Simon vs. the Homo Sapiens Agenda

It’s funny. I didn’t think this was going to be a big deal. But I think I’d actually rather be at church than here, doing what I’m about to do.

By nine, everyone’s awake and the coffee’s on, and we’re having cookies for breakfast. Alice and Nora are reading stuff on their phones. I pour myself a mug of coffee and add an avalanche of sugar. My mom watches me stir.

“I didn’t know you drink coffee.”

Okay, this. She does this every freaking time. Both of them. They put me in a box, and every time I try to nudge the lid open, they slam it back down. It’s like nothing about me is allowed to change.

“Well, I do.”

“Okay,” she says, putting her hands up like whoa there, buck. “That’s fine, Si. It’s just different. I’m just trying to keep up with you.”

If she thinks me drinking coffee is big news, it’s going to be quite a fucking morning.

We turn to the pile of presents. Blue told me that in his family, presents are opened one at a time, and all the cousins and everyone else just sit and watch each other do it. And then after a few rounds of that, they stop for a while and have lunch or something. It’s just so civilized. It takes them all afternoon to clear out the Christmas tree.

Not so with the Spiers. Alice works her way underneath the tree in crouch position and starts passing bags and boxes down the line, and everyone talks at once.

“A Kindle case? I don’t have a—”

“Open the other one, honey.”

“Hey, Aurora coffee!”

“No, put it on the other way, boop. Everyone wears these at Wesleyan.”

In twenty minutes, it’s like a freaking Paper Source exploded all over the living room. I’m on the floor, leaning into the front of the couch, winding the cords of my new earbuds around my fingers. Bieber tucks a bow between his paws, and he nips and tugs on it, and everyone’s just kind of draped over various pieces of furniture.

It’s clearly my moment.

Though, if this moment really belonged to me, it wouldn’t be happening. Not now, I mean. Not yet.

“Hey. I want to talk to you guys about something.” I try to sound casual, but my voice is froggy. Nora looks at me and gives me a tiny, quick smile, and my stomach sort of flips.

“What’s up?” says my mom, sitting up straight.

I don’t know how people do this. How Blue did this. Two words. Two freaking words, and I’m not the same Simon anymore. My hand is over my mouth, and I stare straight ahead.

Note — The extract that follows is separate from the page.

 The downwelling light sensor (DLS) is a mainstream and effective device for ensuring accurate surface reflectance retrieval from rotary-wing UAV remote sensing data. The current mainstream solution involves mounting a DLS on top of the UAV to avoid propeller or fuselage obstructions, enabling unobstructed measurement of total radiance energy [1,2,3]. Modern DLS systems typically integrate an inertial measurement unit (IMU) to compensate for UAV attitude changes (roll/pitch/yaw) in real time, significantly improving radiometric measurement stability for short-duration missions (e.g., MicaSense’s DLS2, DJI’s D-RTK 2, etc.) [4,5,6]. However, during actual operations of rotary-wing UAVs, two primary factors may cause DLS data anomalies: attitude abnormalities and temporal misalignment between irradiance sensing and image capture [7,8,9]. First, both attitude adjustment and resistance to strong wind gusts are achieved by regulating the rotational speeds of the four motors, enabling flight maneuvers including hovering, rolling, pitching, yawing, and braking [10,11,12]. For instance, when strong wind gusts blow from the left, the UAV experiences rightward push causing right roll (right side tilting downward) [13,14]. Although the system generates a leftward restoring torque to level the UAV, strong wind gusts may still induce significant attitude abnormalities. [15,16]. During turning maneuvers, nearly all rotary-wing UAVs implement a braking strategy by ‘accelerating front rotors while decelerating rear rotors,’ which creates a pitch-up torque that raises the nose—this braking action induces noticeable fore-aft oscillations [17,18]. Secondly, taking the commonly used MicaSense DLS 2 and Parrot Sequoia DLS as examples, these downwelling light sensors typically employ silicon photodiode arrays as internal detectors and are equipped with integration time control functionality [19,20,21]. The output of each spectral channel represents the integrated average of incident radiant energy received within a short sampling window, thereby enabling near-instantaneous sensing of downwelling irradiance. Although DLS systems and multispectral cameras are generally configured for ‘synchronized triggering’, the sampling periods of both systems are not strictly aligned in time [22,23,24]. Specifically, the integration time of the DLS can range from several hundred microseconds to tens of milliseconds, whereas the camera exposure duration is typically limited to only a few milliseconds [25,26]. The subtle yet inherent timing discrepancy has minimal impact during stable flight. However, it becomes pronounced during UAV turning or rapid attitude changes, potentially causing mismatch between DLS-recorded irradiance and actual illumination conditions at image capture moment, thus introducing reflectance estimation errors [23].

I don’t know why I thought this would be easy.

“I know what this is,” says my dad. “Let me guess. You’re gay. You got someone pregnant. You’re pregnant.”

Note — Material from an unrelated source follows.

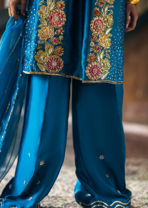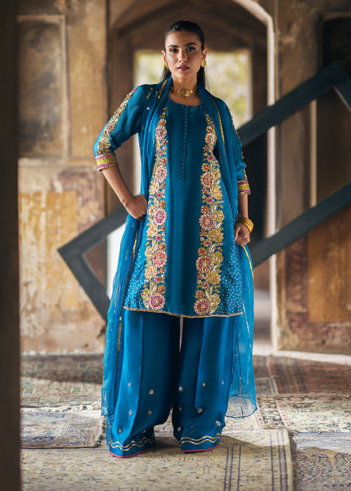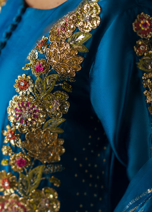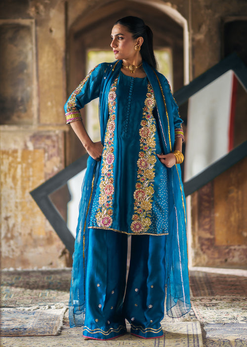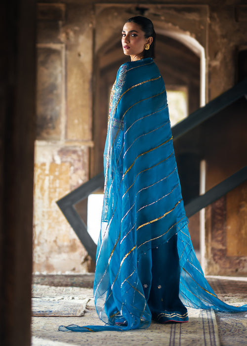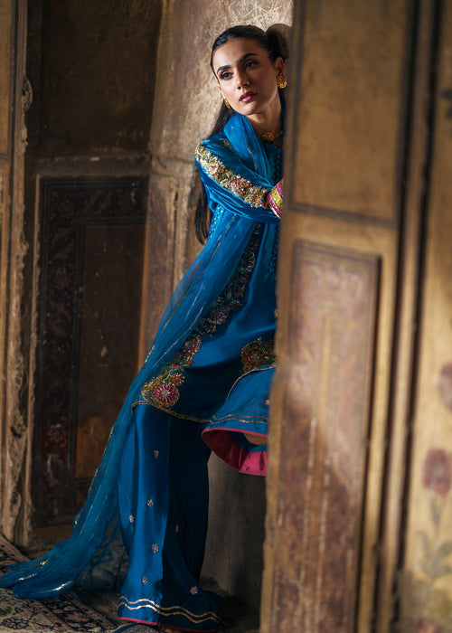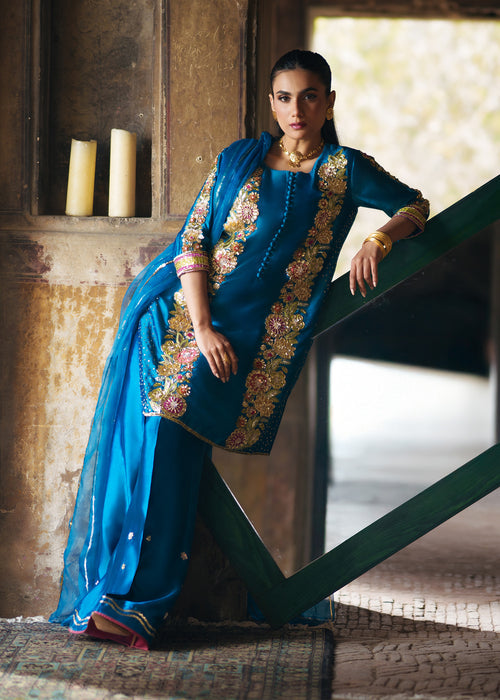 Step into refined sophistication with TEALE, where luxurious tissue silk meets impeccable tailoring — featuring a beautifully crafted ensemble paired with straight wide Korean raw silk trousers and sheer kataan organza dupatta for effortless grace.

“Dad, stop it,” says Alice.

I close my eyes.

“I’m pregnant,” I say.

“I thought so, kid,” says my dad. “You’re glowing.”

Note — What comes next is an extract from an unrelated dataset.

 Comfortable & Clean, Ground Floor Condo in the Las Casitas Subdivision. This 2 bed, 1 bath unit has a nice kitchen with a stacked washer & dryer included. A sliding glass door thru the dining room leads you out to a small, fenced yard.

I look him in the eye. “Really, though. I’m gay.”

Two words.

Everyone is quiet for a moment.

And then my mom says, “Honey. That’s . . . God, that’s . . . thank you for telling us.”

And then Alice says, “Wow, bub. Good for you.”

And my dad says, “Gay, huh?”

And my mom says, “So, talk me through this.” It’s one of her favorite psychologist lines. I look at her and shrug.

“We’re proud of you,” she adds.

And then my dad grins and says, “So, which one of them did it?”

“Did what?”

“Turned you off women. Was it the one with the eyebrows, the eye makeup, or the overbite?”

“Dad, that’s so offensive,” says Alice.

“What? I’m just lightening the mood. Simon knows we love him.”

“Your heterosexist comments aren’t lightening the mood.”

I mean, I guess it’s about what I expected. My mom’s asking me about my feelings, Dad’s turning it into a joke, Alice is getting political, and Nora is keeping her mouth shut. You could say there’s a kind of comfort in predictability, and my family is pretty goddamn predictable.

But I’m so exhausted and unhappy right now. I thought it would feel like a weight had been lifted. But it’s just like everything else this week. Strange and off-kilter and surreal.

“So, that’s pretty big news, bub,” Alice says, following me into my room. She shuts the door behind her, and settles in cross-legged on the end of my bed.

“Ugh,” I say. I collapse facedown into the pillows.

“Hey.” She leans her body sideways, until it’s level with mine. “Everything’s cool. It’s nothing to mope about.”

I ignore her.

“I’m not leaving, bub. Because you’re going to wallow. You’re going to put on that playlist. What’s it called?”

“The Great Depression,” I mutter. It’s like all Elliott Smith and Nick Drake and the Smiths. I already have it cued up.

“Right,” she says. “The Great Depression. That romp. No way.”

“Why are you here?”

“Because I’m your big sister and you need me.”

“I need to be left alone.”

“No way. Talk to me, bub!” she says. She slides toward me, squeezing in between my body and the wall. “This is exciting. We can talk about guys.”